오늘 실해석학 시험을 쳤는데, 다른 건 답변을 했지만(다른 것도 마이너한 실수들이 있긴 하다) 이 한 문제만 답변을 제대로 못했다.
쉬운건 알고 있었는데, 증명이 생각이 나질 않았다. 바로 증명을 보고 내 큰 실수를 또 발견했는데, ‘정의’에 충실하지 않았다는 것이다.
언제나 블로그에는 내 부끄러움도 올려야 한다고 생각하기 때문에, 못 풀었던 문제의 증명도 실어 놓는다.

Theorem. Let T be a linear operator from \mathfrak{X} to \mathfrak{Y}. Then the following are equivalent:

  1. T is continuous on \mathfrak{X}
  2. T is continuous at 0
  3. T is bounded

Proof. (1) implies (2): clear.
(2) implies (3): Assume T is continuous at 0. Then there is \delta>0 such that if \norm{h}\delta, then we have

    \[ \left\Vert T(x)-T(0) \right\Vert <1\]

Then for all nonzero x\in \mathfrak{X}, we have

    \[\left\Vert T(x)\right\Vert \leq \left\Vert T\left(\delta\frac{x}{\left\Vert x\right\Vert}\right) \delta^{-1}\left\Vert x\right\Vert\right\Vert < 1\cdot \delta^{-1} \left\Vert x \right\Vert \]

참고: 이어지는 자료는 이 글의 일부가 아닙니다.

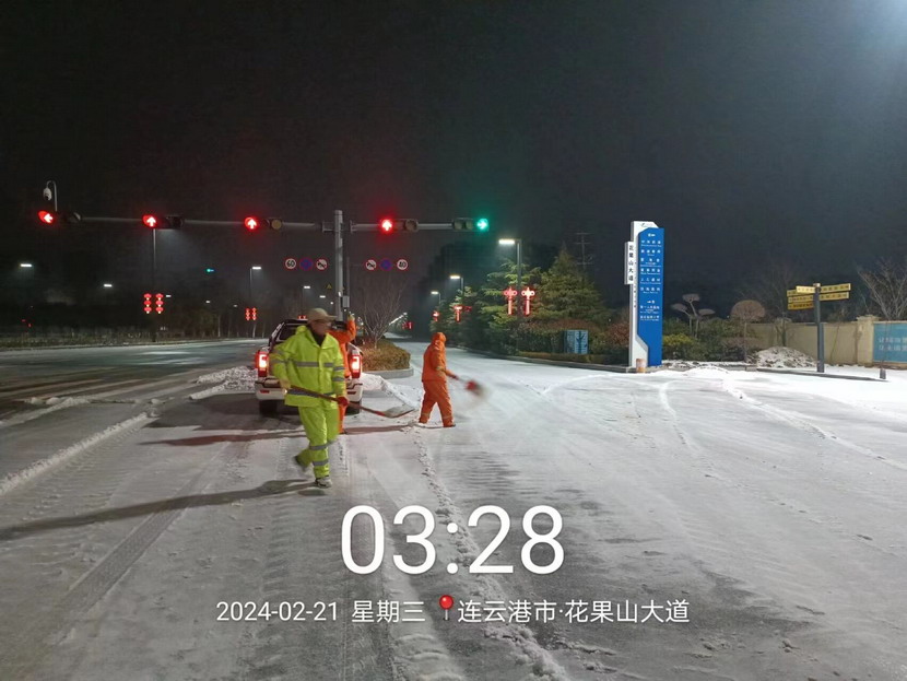 2月20日晚,港城迎来了新一轮大范围降雪,大部分地区出现冻雨伴冰粒天气。为保障群众出行安全,益丰园林分公司以雪为令,副经理孙杰带领徐明磊、樊如军、朱文健3名党员同志迅速反应,快速出击,身披“橘”甲,浴“雪”奋战。傍晚6点开始,从新光路涵洞区域到花果山大道东侧,先锋大桥至黄海大道区域,再到东方续道至大港东路路段,4名同志不分昼夜,连续奋战,不间断巡查,发现积雪立即铲除,及时消除道路安全隐患,共计撒布融雪剂8余吨,积雪清理成效明显,为周边群众出行开辟出一条“温暖平安路”。

Since x was arbitrary chosen nonzero vector, T is bounded.
(3) implies (1): Assume T is bounded. Choose x,y in \mathfrak{X}. Then we have

    \[ \left\Vert T(x)-T(y) \right\Vert \leq \left\Vert T \right\Vert \left\Vert x-y\right\Vert\]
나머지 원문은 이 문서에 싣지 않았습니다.